Biserial Correlation:
The biserial correlation coefficient is used to measure the strength and direction of the relationship between a continuous variable (which can be dichotomous in nature) and a continuous variable. Here’s how it works with an example:
Example: Relationship between Exam Scores and Pass/Fail Status
Imagine you have a dataset where students either pass or fail an exam (dichotomous variable), and you also have their exam scores (continuous variable).
- Data Representation:
- Pass/Fail (Dichotomous Variable):
- Pass = 1
- Fail = 0
- Exam Scores (Continuous Variable): Numerical scores ranging from 0 to 100.

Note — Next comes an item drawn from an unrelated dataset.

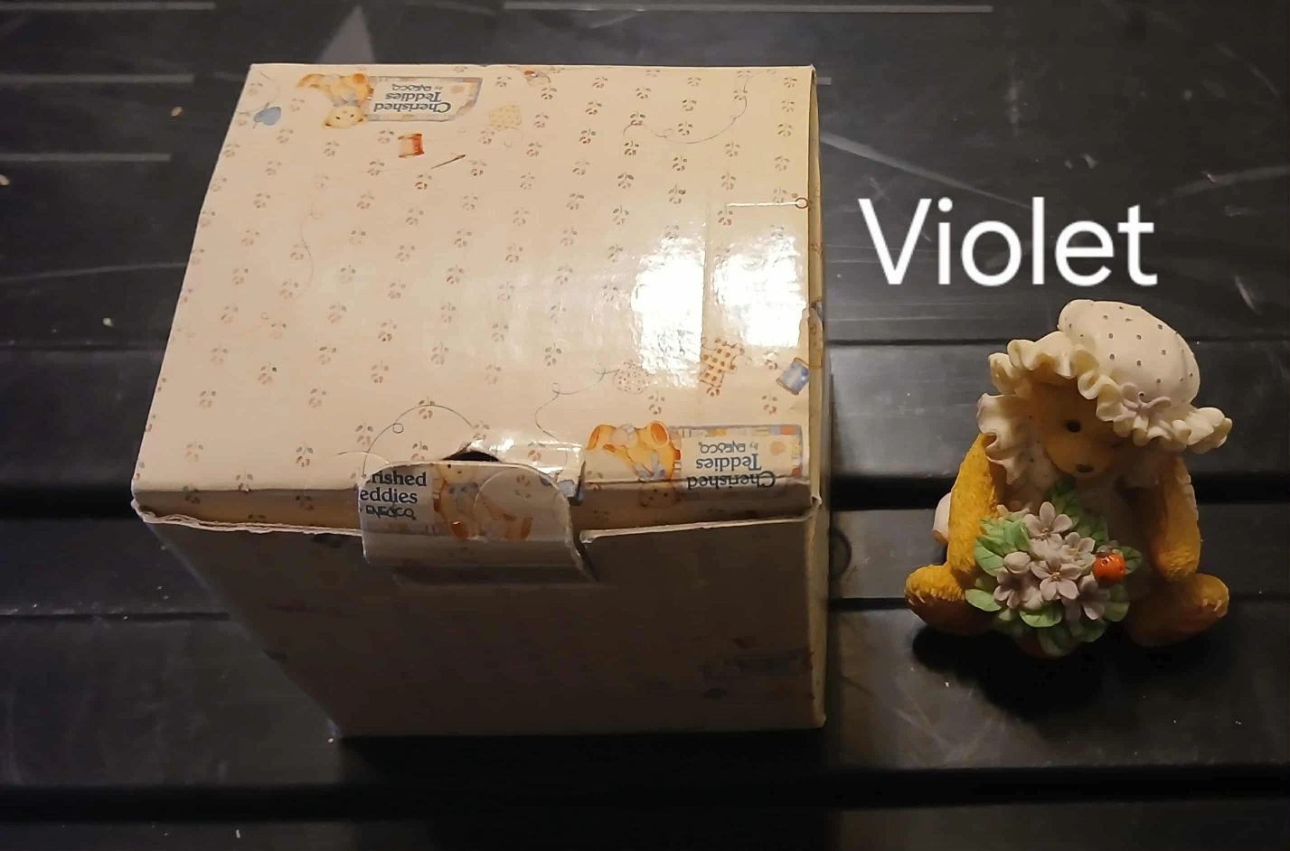 Selling a sweet Cherished Teddies figurine named Violet! It comes with its original box, making it a perfect addition to any collection or a thoughtful gift for a loved one

- Calculation of Biserial Correlation: Suppose the data for a sample of students looks like this: Student Exam Score Pass/Fail 1 85 Pass 2 60 Fail 3 75 Pass 4 40 Fail 5 95 Pass … … … To calculate the biserial correlation coefficient ( r_{pb} ):
- Convert Dichotomous Variable:
- Assign a numerical value to the dichotomous variable (e.g., Pass = 1, Fail = 0).
- Calculate Correlation:
- Use the formula:
[ r_{pb} = \frac{M_{1} – M_{0}}{s_{y}} \sqrt{\frac{n_{1} n_{0}}{n (n – 1)}} ] - Where:
- ( M_{1} ) and ( M_{0} ) are the means of the continuous variable for the groups defined by the dichotomous variable (e.g., mean exam scores for Pass and Fail groups).
- ( s_{y} ) is the standard deviation of the continuous variable.
- ( n_{1} ) and ( n_{0} ) are the frequencies of Pass and Fail groups, respectively.
- ( n ) is the total number of observations.
- Use the formula:
- Interpretation:
- The biserial correlation ( r_{pb} ) ranges from -1 to +1, where:
- ( r_{pb} > 0 ): Positive relationship (higher scores tend to be associated with Pass status).
- ( r_{pb} < 0 ): Negative relationship (lower scores tend to be associated with Pass status).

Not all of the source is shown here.